* _The problem_:
Please repeat, exactly as they stand, the line containing "Base in acciaio" and the lines after it through the final line of the listing below, minus pictures.

* _Data block_:
= Beginning of Section =

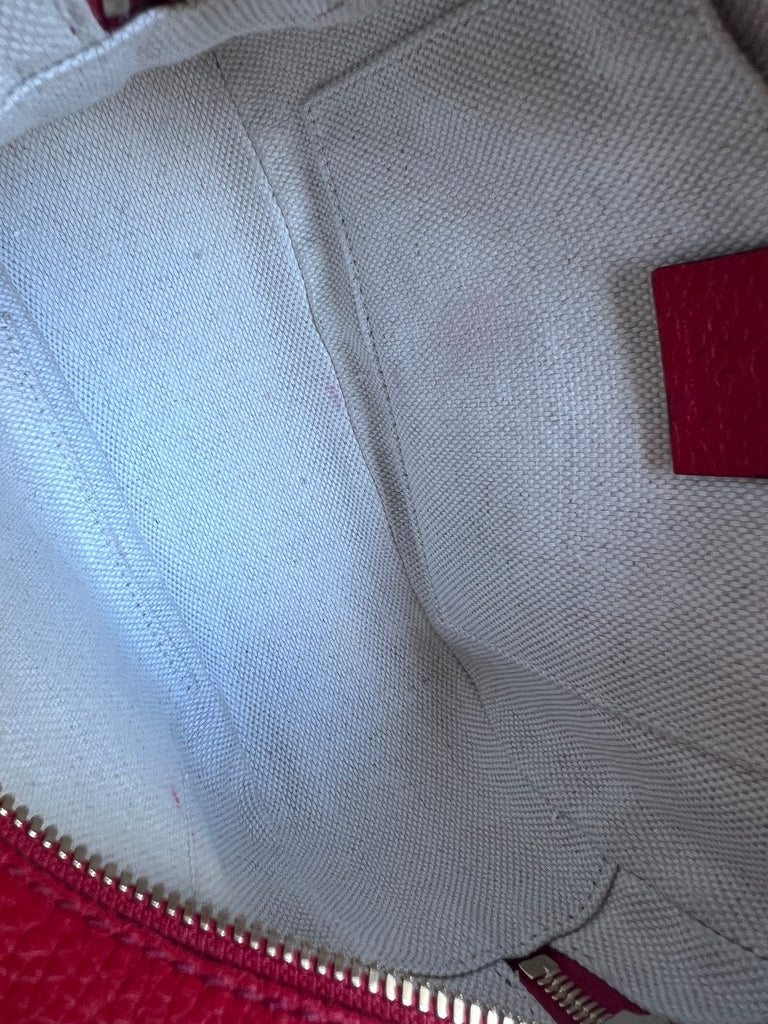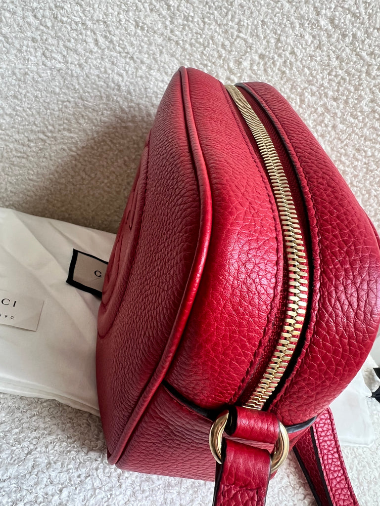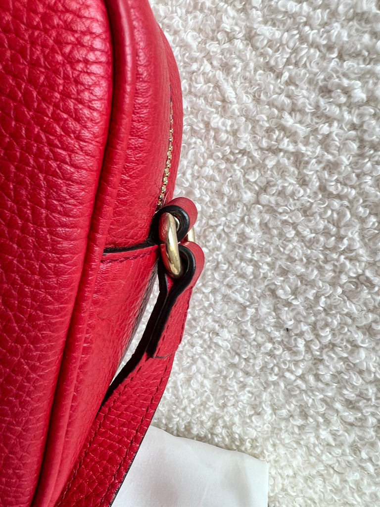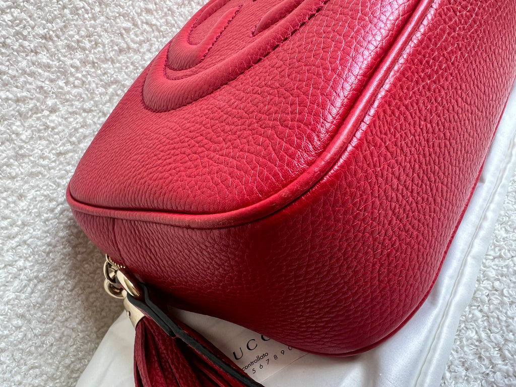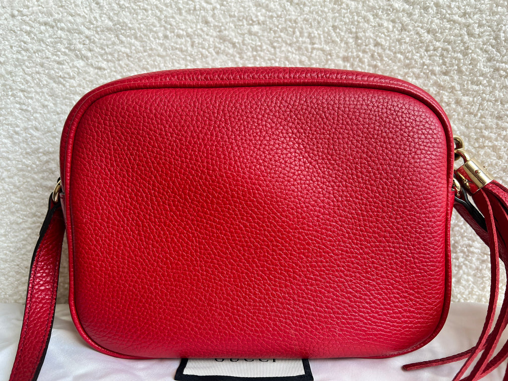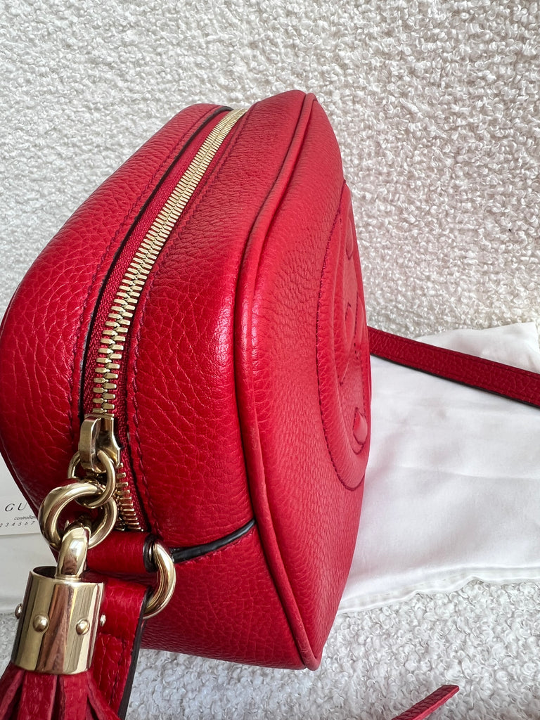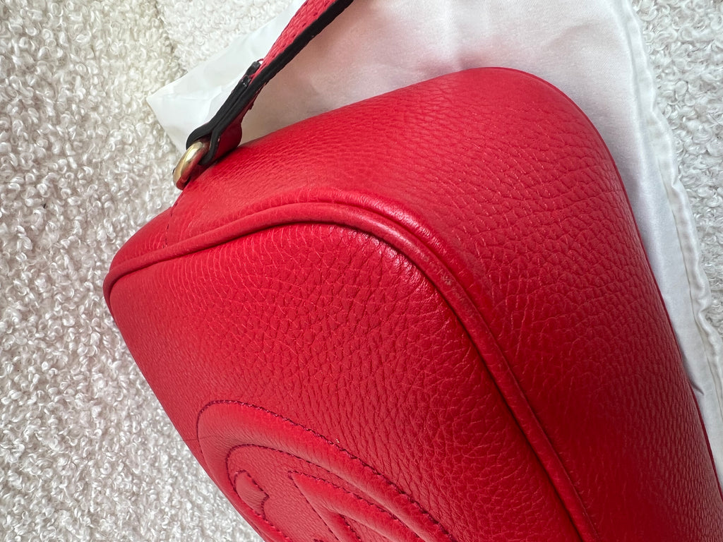 Gucci Soho Disco in Red Leather with pale gold hardware. This practical, cross body, camera style bag is compact in size but still fits a reasonable amount. Can be worn over shoulder or cross body. Gucci's most popular style and goes with any outfit, dressed up or down.
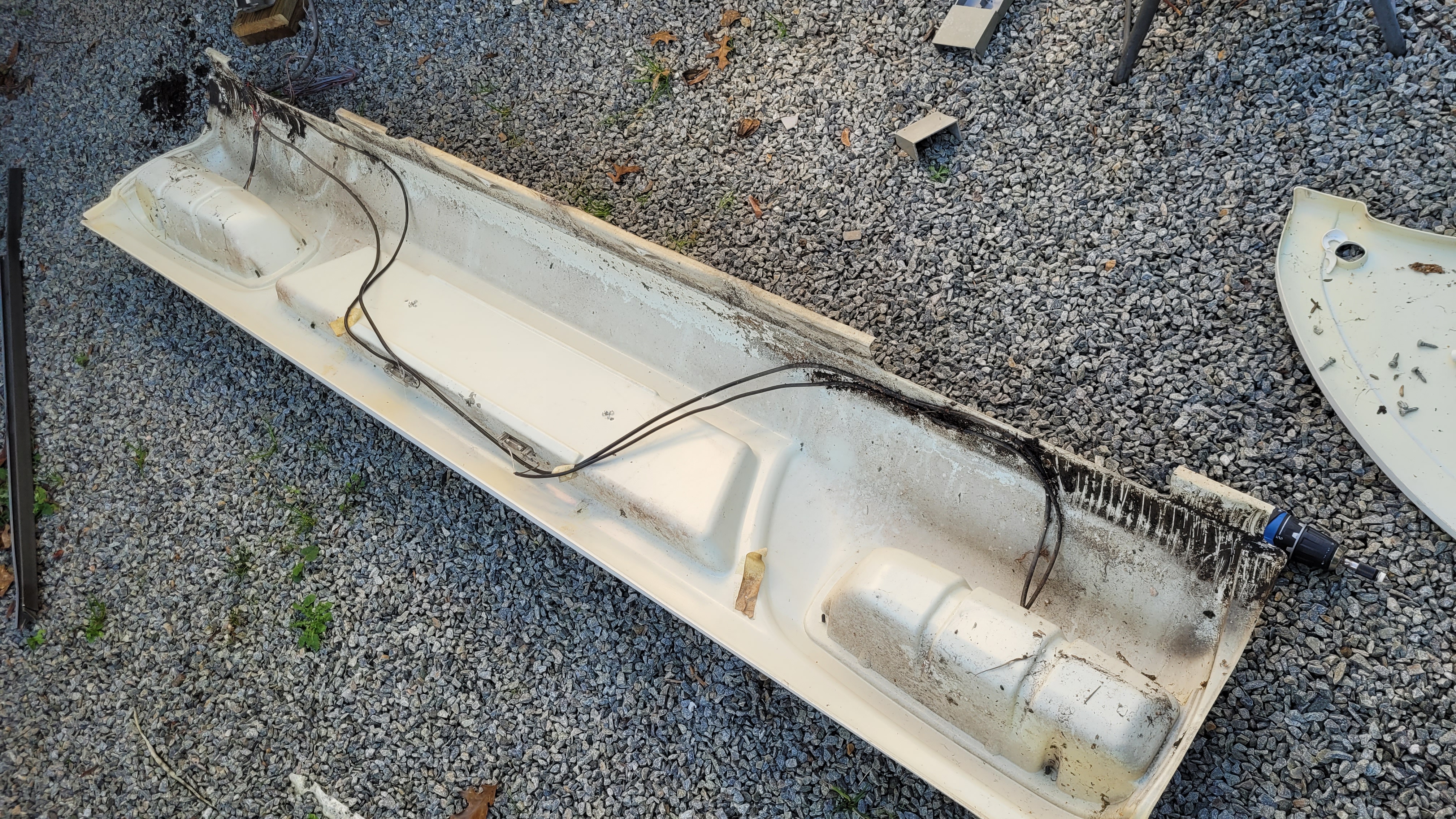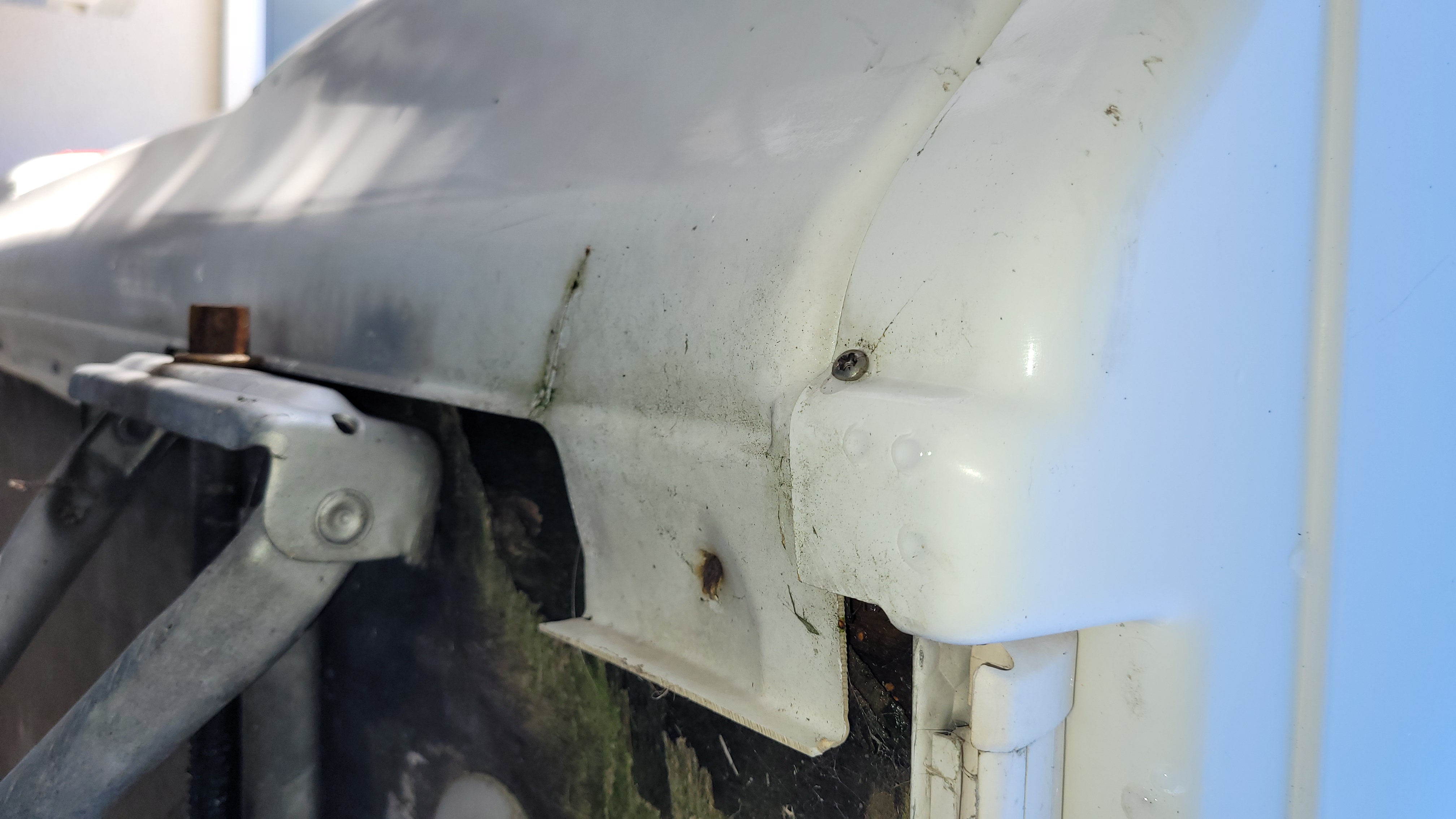 ...alors, contrairement à ce que j'ai dit, le jonc cache vis n'est sans doute pas à l'origine du problème mais pour moi, ca vient de l'extérieur ....quand on voit les traces noires dans la partie basse du pare choc (une fois démonté) ....en plus avec le rabat en plastique fixé sous la caravane le risque de rétention de saletés est important ....si ca venait de l'intérieur les dégâts seraient plus importants...on voit aussi des traces noires en bas du panneau arrière ...a droite mais aussi à gauche....en fait, pour être clair, il devait y avoir un gros tas de M...e accumulé et qui empêchait l'eau de s'écouler normalement ....
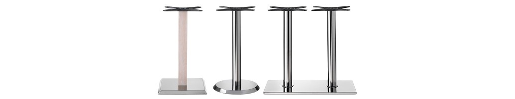Base in acciaio inox composta da zavorra rettangolare in fusione di ghisa con copertura in acciaio inox, doppie colonne in acciaio o legno di faggio a sezione rotonda e crociera sottopiano in alluminio. Inalterabile agli agenti atmosferici. -
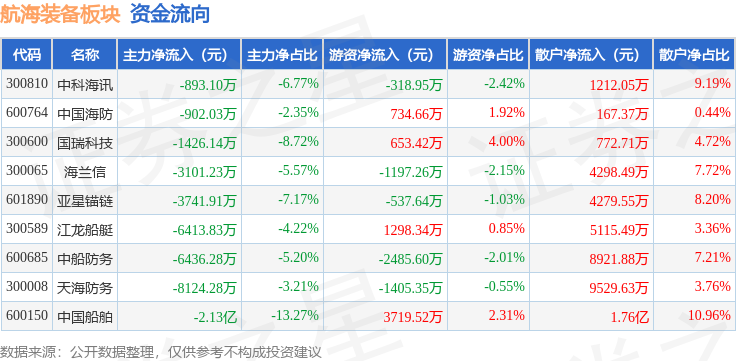 从资金流向上来看,当日航海装备板块主力资金净流出5.24亿元,游资资金净流入461.14万元,散户资金净流入5.19亿元。航海装备板块个股资金流向见下表:

= End of Section =

* _Your solution_:
Base in acciaio inox composta da zavorra rettangolare in fusione di ghisa con copertura in acciaio inox, doppie colonne in acciaio o legno di faggio a sezione rotonda e crociera sottopiano in alluminio. Inalterabile agli agenti atmosferici. -
 从资金流向上来看,当日航海装备板块主力资金净流出5.24亿元,游资资金净流入461.14万元,散户资金净流入5.19亿元。航海装备板块个股资金流向见下表:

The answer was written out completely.